I don’t pretend to know how to completely synthesize the unreflective executive action of the Self with the history of its habitual past, but the discrepancy between deliberate (reflective) action and reactionary (unreflective) action has led me to dream up a fantasy afterlife:
The Infinite Library
This idea is my most favorite concept of the “Afterlife”, if there is one. I don’t spend my waking days thinking that there is an afterlife, since for me, the question of existence is only in the moment of time, and outside of time I have no bearings, and thus no expectations. BUT! If I were to die today, this would be my fantasy.

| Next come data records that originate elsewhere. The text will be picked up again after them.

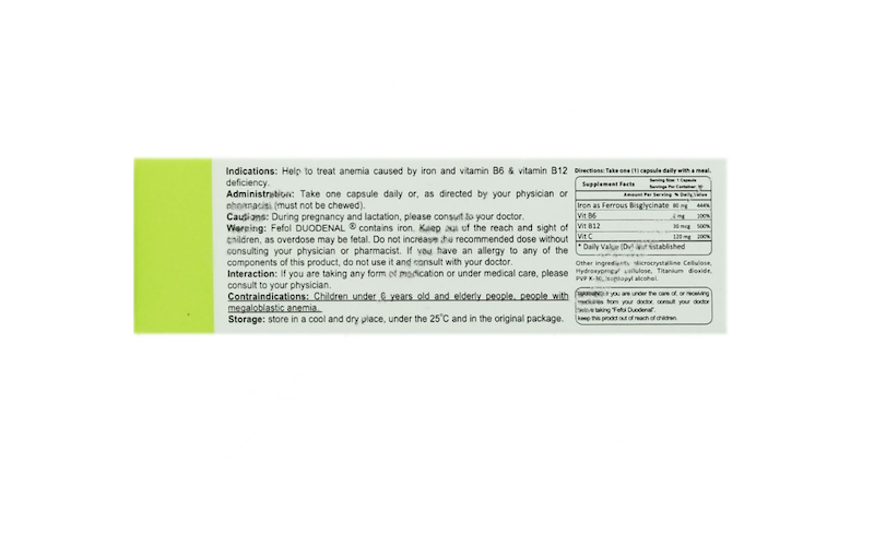 کپسول ففول دئودنال اینترافارم مکملی حاوی آهن و اسید فولیک است که برای درمان و پیشگیری از کمخونی فقر آهن استفاده میشود. این محصول با فرمولاسیون ویژه، جذب بهتری در روده (دئودنوم) دارد و به بهبود سطح انرژی، کاهش خستگی و حمایت از سلامت عمومی بدن کمک میکند.
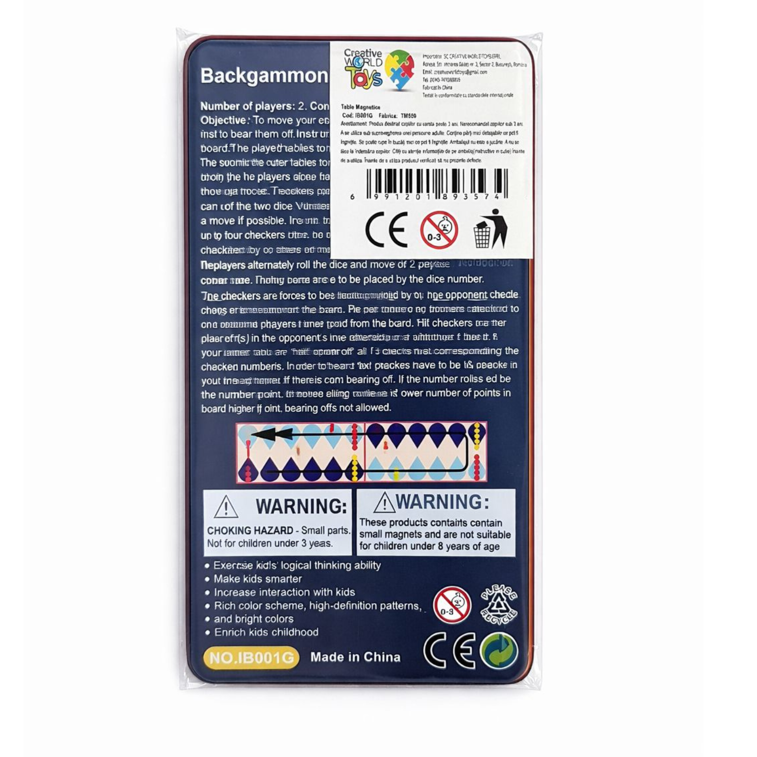 Joc clasic de backgammon în variantă compactă, cu piese magnetice, ideal pentru călătorii și timp liber. Tabla pliabilă și piesele magnetice asigură stabilitate în timpul jocului, fiind ușor de transportat și utilizat oriunde. Perfect pentru dezvoltarea gândirii strategice și a abilităților de planificare.
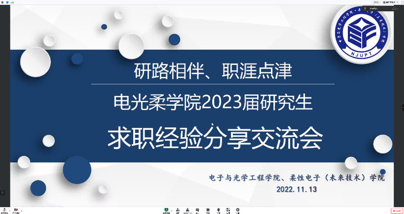为了增进学院同学对本专业就业领域和方向的了解,提升就业技巧,获取就业信息,11月13日上午,304永利集团官网入口、柔性电子(未来技术)学院举办了“研途有你,职涯点津”求职经验分享会。本次分享会邀请四位优秀校友作为嘉宾分享经验。学院党委副书记、副院长徐磊书记参加了本次会议,研究生全体辅导员及200名学生参会,会议由2021级电光柔院第二党支部副书记郭晔同学主持。
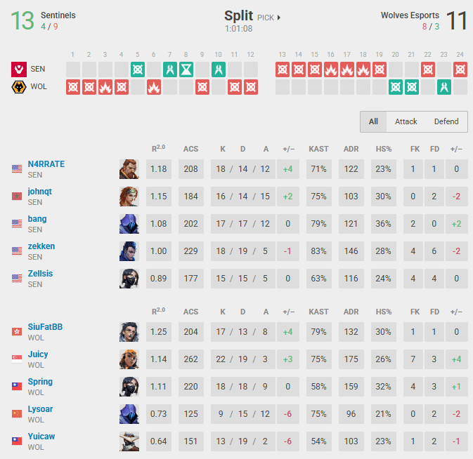 Teams Map 1: Split Map 2: Lotus Map 3: Icebox | SEN vs WOL 13-11 13-8 - |
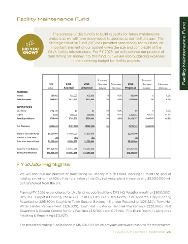 KNOW? City’s facility infrastructure. For FY 2026, we will continue our practice of Facility Maintenance Fund

So, my body is inflicted with a mortal wound, and my spirit floats up to heaven. Everything is white, and fluffy, with gold trim, and smells like waterlillies. I walk up to the gate, and God is there to greet me. It’s not a new or unfamiliar moment like you’d expect, but rather, I feel right at home, and to top it off, God and I have a secret handshake! So, God and I sort of effortlessly drift across the pathway through an environment so profoundly infinite and unimaginably aesthetic, that I cannot help but get goose bumps — on my soul! I mean, get real. This is heaven were talking about; and not just ANY heaven — the one made in MY mind! So, of course, this is a heaven that transcends time, and space, and does so in infinite ways. All around me I see famous and infamous people from our history books: lincoln, Ghandi, Arendt, Napolean, my father, and my grandparents, and Matt Dirnbauer … I don’t know, you name it. And there’s even people from the future there: you guys, and Seinfeld, and that little boy from “Jerry Maguire,” etc. I mean, sure, people are spread out all over the place, but you can get anywhere in heaven in just a matter of minutes … plus, you’re there for an eternity, so finally you’ve got time on your side.

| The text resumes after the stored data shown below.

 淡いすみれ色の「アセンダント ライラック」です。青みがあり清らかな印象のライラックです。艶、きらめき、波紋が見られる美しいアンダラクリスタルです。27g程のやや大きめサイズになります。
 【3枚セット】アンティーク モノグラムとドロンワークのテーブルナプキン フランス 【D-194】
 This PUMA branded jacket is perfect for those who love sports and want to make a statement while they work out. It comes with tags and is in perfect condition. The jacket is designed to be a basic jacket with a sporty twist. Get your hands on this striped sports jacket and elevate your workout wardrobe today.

So, God shows me to my room. It’s a white door, discreet and modest, and fits in with the neighborhood. My number, 33, is on the door, and that’s chill. There’s front doors on either side of mine that must lead to the neighbors abode, but we’re in heaven, so upon entering my room, I realize I too have an infinite amount of space - in my room! There are bedrooms, and kitchens, and toy rooms, and basements. There are rainforests, and deserts, and mountains and lots of ice cream. It’s my room, whaddya expect? God leaves me to my pad, and I’m very thankful. The body’s feeling good. I’ve got great music in the sterero, and I’m already thinking about takinga walk outside and visiting some friends, you know, maybe grab an ice cold Pabst in a bottle. But then I notice something particular in my room. Not sure how I missed when i first walked in, I take a closer step to it. On the far east wall of my den is a shelf of video that goes from floor to ceiling, and runs infinitely down the side the room. We’re talkin’ infinte tapes!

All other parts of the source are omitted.